Another problem cropped up during the final stages of the countdown Saturday: a sensor reading indicating a possible nitrogen tetroxide leak in the Crew Dragon’s propulsion system. Known as NTO, nitrogen tetroxide is an extremely toxic propellant, but with just minutes to spare, SpaceX engineers concluded the leak was so small is posed no threat to the crew or the six-month mission.
Once at the station, Moghbeli and her crewmates will be welcomed aboard by commander Sergei Prokopyev, Dmitri Petelin and NASA astronaut Frank Rubio, who launched to the lab nearly a full year ago aboard a Soyuz spacecraft. Also on hand: Crew-6 commander Stephen Bowen, pilot Woody Hoburg, United Arab Emirates astronaut Sultan Alneyadi and cosmonaut Andrey Fedyaev.
Moghbeli and company are replacing Bowen and his Crew-6 colleagues. Launched last March 2, Bowen’s crew plans to undock from the station after a five-day handover, splashing down off the coast of Florida the next day to wrap up a six-month mission.
Hoburg had some advice for the Crew-7 replacements.
“They’ll be very focused on their launch, their rendezvous, their docking,” he said from orbit Wednesday. “And then once they get here, the timescales change completely. We all feel like we want to go 100 miles an hour and put our training to use and be really effective right away. But it’s a long road ahead.
“And so they’ll hopefully have a bit of time to just relax, enjoy themselves and get into the groove of living and working up here aboard the space station.”:
Two weeks after Crew-6 departs, Russia plans to launch the Soyuz MS-24/70S spacecraft carrying cosmonauts Oleg Kononenko, Nikolai Chub and NASA’s Loral O’Hara to the space station. Liftoff is expected on September 15.
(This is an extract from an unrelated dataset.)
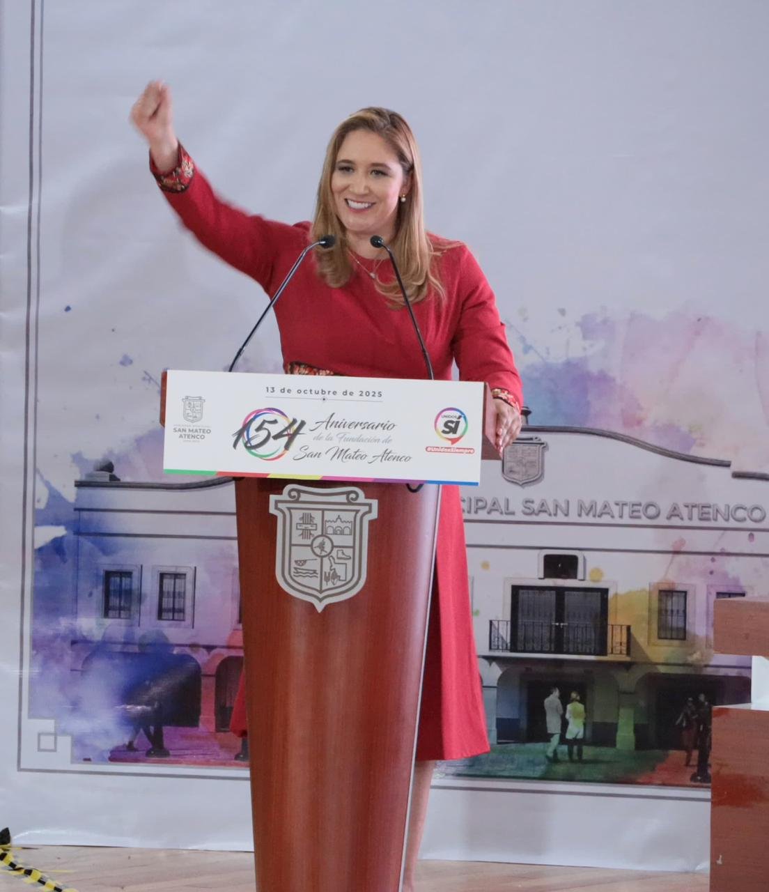 SAN MATEO ATENCO, Estado de México, 13 de octubre de 2025.- La presidenta municipal Ana Aurora Muñiz Neyra encabezó la ceremonia conmemorativa del 154 Aniversario de la fundación del municipio de San Mateo Atenco, en la que se rindió homenaje a la historia, a la identidad y al pueblo atenquense.
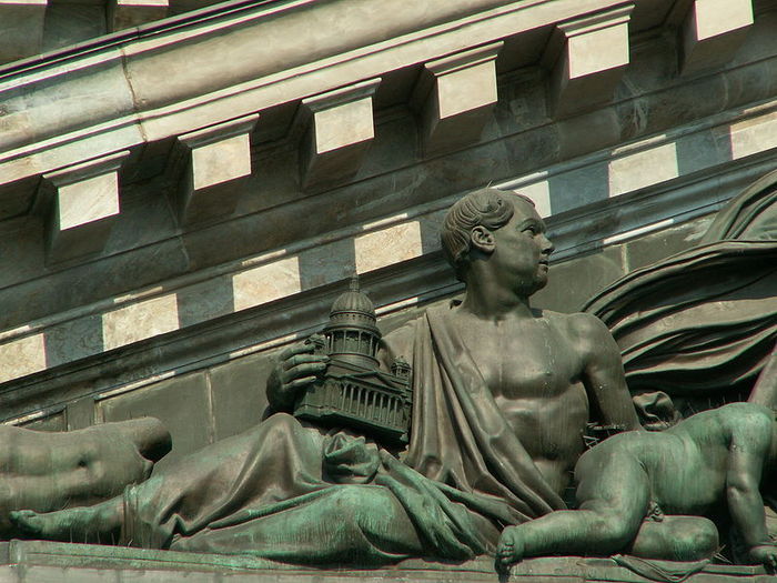 Кстати, на западном фасаде Исаакия есть скульптура Монферрана с моделью собора в руке.

Kononenko’s crew will replace Prokopyev, Petelin and Rubio, who plan to close out a marathon 371-day mission with landing in Kazakhstan on September 27. Launched last September 21, they originally planned to come home in March, but their Soyuz suffered a massive coolant leak in December.
A replacement Soyuz was launched in February, but the crew’s stay aboard the station was extended six months to put the Russian flight sequence back on its normal schedule. As a result, Rubio will set a new U.S. single flight record, eclipsing astronaut Mark Vande Hei’s current 355-day mark on September 11.
The late cosmonaut Valery Polyakov holds the world record for the longest single spaceflight — 437 days — a mark set aboard the Russian Mir space station in 1994-95. NASA astronaut Scott Kelly was the first American to log nearly a year in space, followed by Vande Hei and now, Rubio.
“Frank thought when he flew to space he would be here for six months,” said Hoburg. “And part way through his mission, he found out that it was extended to a year. He’s been amazing to work with. Frank is making a huge sacrifice, being away from his family for so long, and I just want to recognize the service he’s given to us aboard the space station.”
Kononenko and Chubb also plan to spend a full year aboard the International Space Station. Next March, another Soyuz will blast off carrying veteran commander Oleg Novitskiy, NASA’s Tracy Caldwell-Dyson and Belarus researcher Marina Vasilevskaya.
Novitskiy, Vasilevskaya and O’Hara will return to Earth about 10 days later. Kononenko, Chubb and Caldwell-Dyson will come down together next September.